Timothy Webster

Personal information
- Born: 22 November 1990 (age 35)

Sport
- Country: Australia
- Sport: Rowing
- Club: Melbourne Uni Boat Club

Medal record
Men's rowing
Representing Australia
World Rowing Championships
| Silver medal – second place | 2013 Chungju | LM8+ |
World Rowing U23 Championships
| Bronze medal – third place | 2012 Trakai | BM8+ |

= Timothy Webster (rowing) =

Australian rowing cox

Timothy Webster (born 22 November 1990 in East Melbourne) is an Australian former rowing coxswain. He was a national champion and won a silver medal at the 2013 World Rowing Championships.

==Club and state rowing==
Webster's senior club rowing was from the Melbourne University Boat Club.

Unusually for an Australian representative coxswain he made no state representative appearances at the annual Interstate Regattas in either youth or senior men's eights. In his prime representative years of 2013 and 2014 he was kept out of Victorian King's Cup crews by his older brother David Webster.
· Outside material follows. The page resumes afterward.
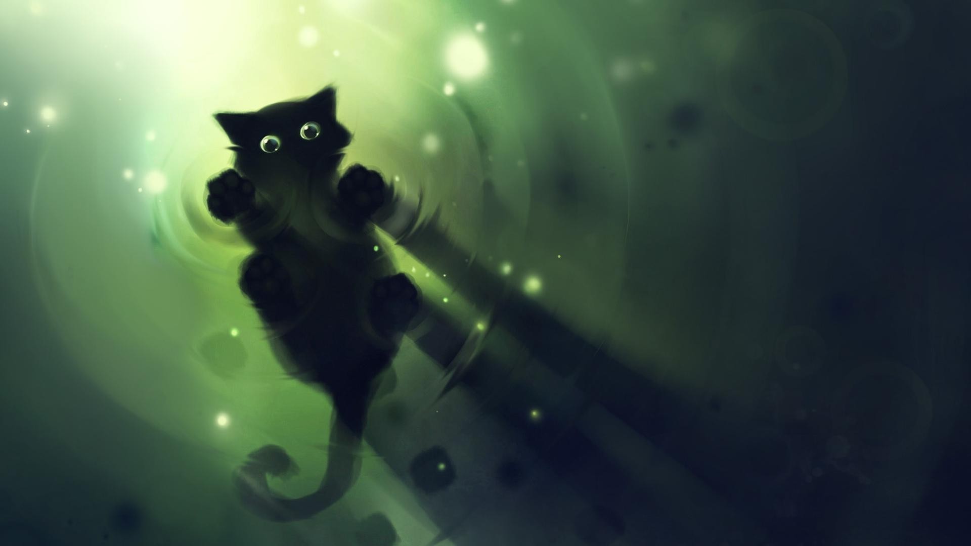 黑色的小猫从水底的剪影 - 桌面壁纸
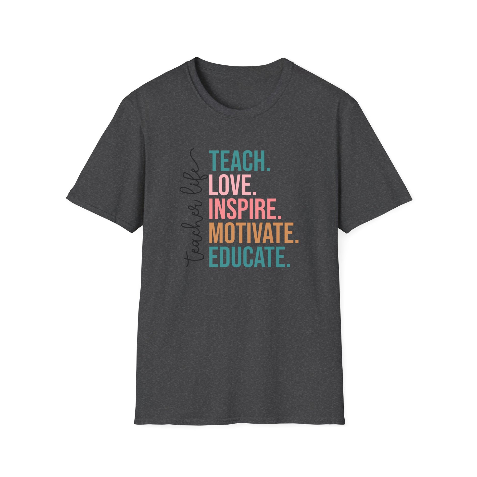 Teach Love Inspire Motivate Educate Shirt – Teacher Life T-Shirt – Inspirational Educator Gift – Cute Back to School Teacher Tee

==International representative rowing==
Webster made his Australian representative debut at the 2011 World Rowing U23 Championships in Amsterdam. He coxed the Australian men's U23 eight to an overall seventh-place finish. In 2012 he was again in the stern of the Australian men's U23 eight when they rowed to a bronze medal at the World Rowing U23 Championships in Trakai.

In 2013 Webster was elevated to the Australian senior squad when he coxed the men's lightweight eight to a silver medal at the 2013 World Rowing Championships in Chungju, Korea.

The 2014 World Rowing Cup I was in Sydney early in 2014. The final featured the Australian senior eight with a number of experienced Australian rowers and coxed by Timothy's older brother David, along with a second developmental eight coxed by Tim Webster. David also coxed at Melbourne Uni Boat Club, had earned a scholarship like Tim to the Victorian Institute of Sport, and was in the Australian senior squad from 2010 to 2015. The Australian senior eight won at that WRC I in 2014 and the crew steered by Tim Webster placed fourth.

At the 2014 World Rowing Championships in Amsterdam, Webster was up front in an Australian coxed pair which placed third in the B Final for an overall ninth-place finish. It was his last Australian representative appearance.